## What you will do
After locating the line with "Next up I used" below, output it and each following line exactly, stopping after the line with "[Oficio N°138] 1968". No pictures.

## Available records
────────────────────
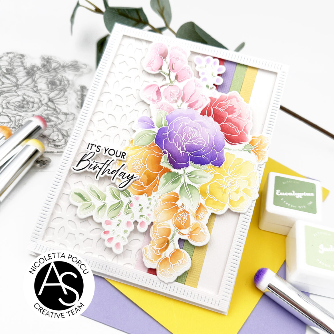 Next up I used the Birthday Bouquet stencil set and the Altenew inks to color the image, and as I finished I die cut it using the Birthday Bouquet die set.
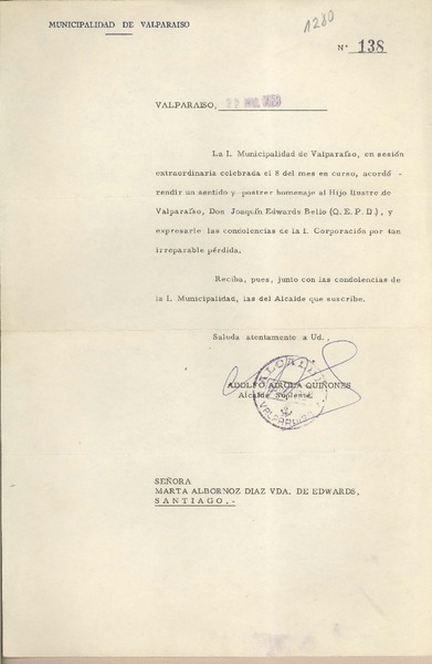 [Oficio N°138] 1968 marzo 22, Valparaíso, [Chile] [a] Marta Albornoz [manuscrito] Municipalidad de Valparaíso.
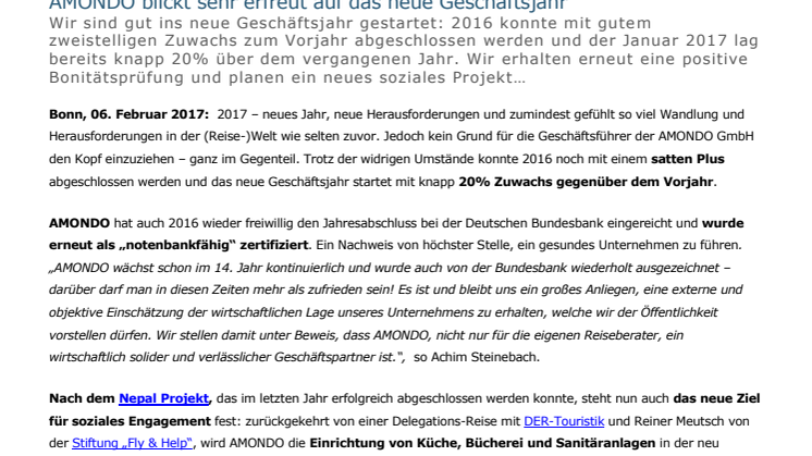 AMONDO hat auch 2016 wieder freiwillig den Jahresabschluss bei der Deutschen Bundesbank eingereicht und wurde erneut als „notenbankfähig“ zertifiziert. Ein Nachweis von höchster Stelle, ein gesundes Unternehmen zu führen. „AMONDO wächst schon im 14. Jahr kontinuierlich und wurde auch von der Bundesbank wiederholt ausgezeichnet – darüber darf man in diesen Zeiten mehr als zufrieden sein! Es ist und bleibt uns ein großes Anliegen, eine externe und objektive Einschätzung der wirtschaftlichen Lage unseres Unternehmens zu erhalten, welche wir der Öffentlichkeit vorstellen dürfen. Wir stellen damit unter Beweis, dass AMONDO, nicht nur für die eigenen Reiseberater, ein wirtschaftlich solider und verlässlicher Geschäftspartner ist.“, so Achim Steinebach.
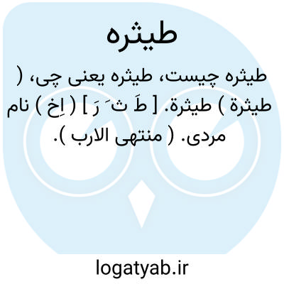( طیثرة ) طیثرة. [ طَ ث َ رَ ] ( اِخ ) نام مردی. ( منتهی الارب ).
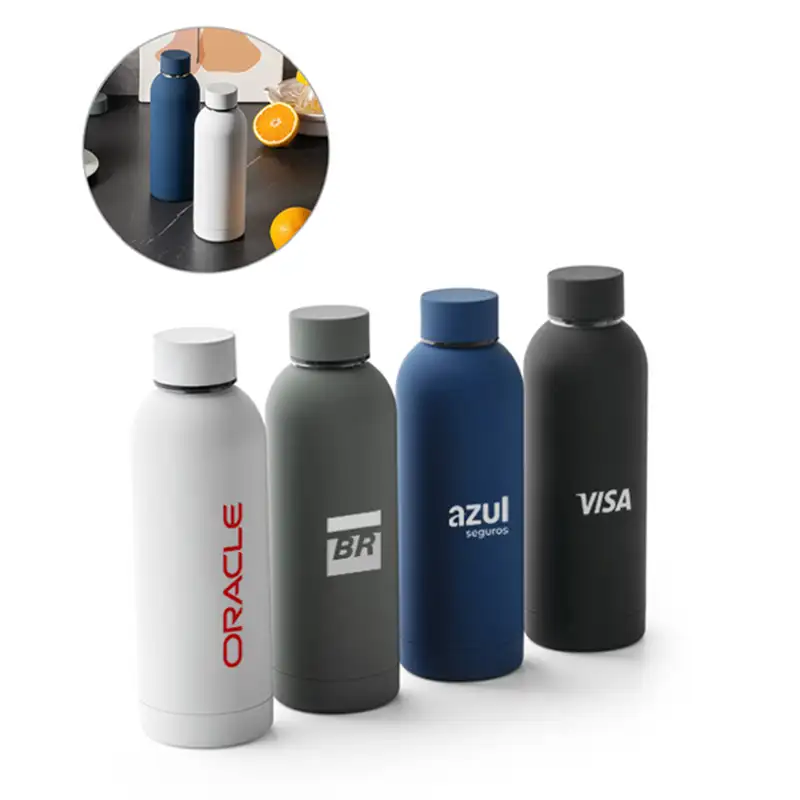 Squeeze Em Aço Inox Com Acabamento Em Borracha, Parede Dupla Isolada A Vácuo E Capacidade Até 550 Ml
────────────────────
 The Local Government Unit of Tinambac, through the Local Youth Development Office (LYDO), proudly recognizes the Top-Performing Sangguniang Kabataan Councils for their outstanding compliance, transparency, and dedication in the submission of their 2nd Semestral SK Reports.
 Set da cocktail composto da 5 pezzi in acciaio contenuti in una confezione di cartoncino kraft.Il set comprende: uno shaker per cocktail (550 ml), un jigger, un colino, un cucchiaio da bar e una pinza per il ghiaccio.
────────────────────
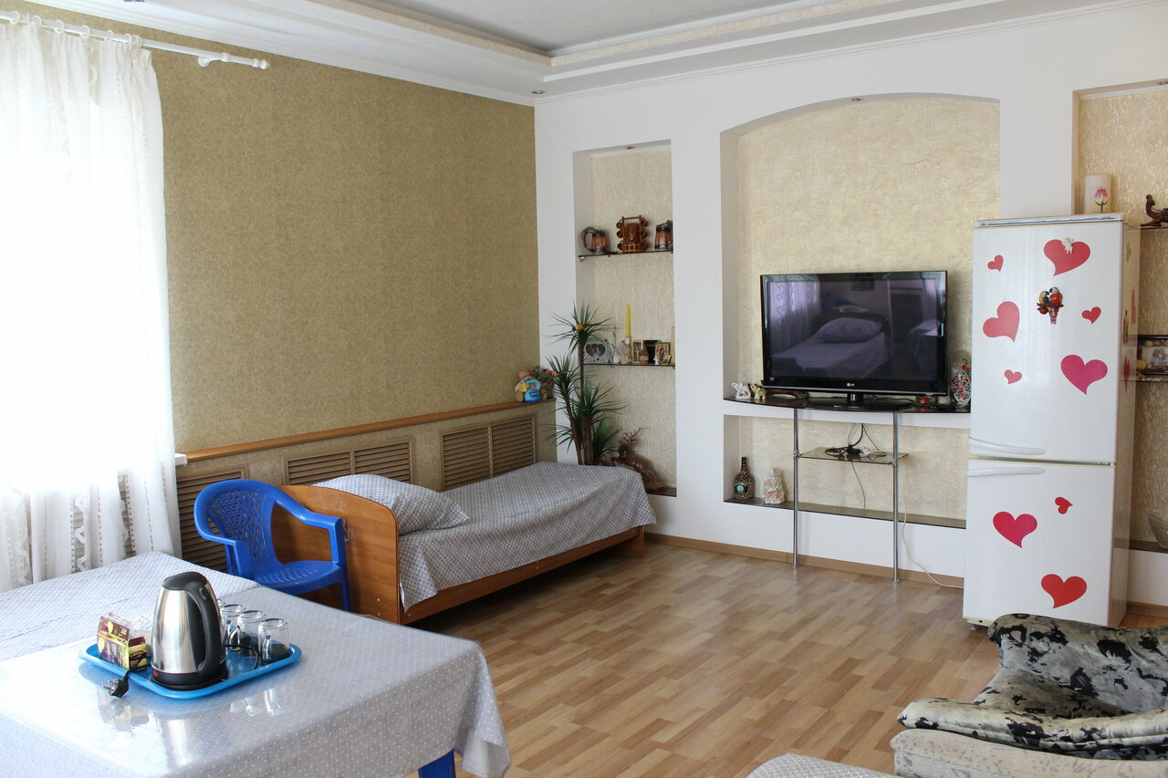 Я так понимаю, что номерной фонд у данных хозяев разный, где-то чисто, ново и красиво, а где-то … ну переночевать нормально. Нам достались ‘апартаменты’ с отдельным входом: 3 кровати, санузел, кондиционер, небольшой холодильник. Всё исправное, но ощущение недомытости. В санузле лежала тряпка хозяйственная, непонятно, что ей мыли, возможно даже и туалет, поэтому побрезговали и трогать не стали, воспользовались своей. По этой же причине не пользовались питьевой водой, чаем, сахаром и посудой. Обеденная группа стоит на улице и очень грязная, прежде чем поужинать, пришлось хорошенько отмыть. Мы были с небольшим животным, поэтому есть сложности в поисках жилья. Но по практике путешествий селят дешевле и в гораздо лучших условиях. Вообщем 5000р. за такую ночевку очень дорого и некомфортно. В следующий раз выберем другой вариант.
────────────────────
## Result for this task
 Next up I used the Birthday Bouquet stencil set and the Altenew inks to color the image, and as I finished I die cut it using the Birthday Bouquet die set.
 [Oficio N°138] 1968 marzo 22, Valparaíso, [Chile] [a] Marta Albornoz [manuscrito] Municipalidad de Valparaíso.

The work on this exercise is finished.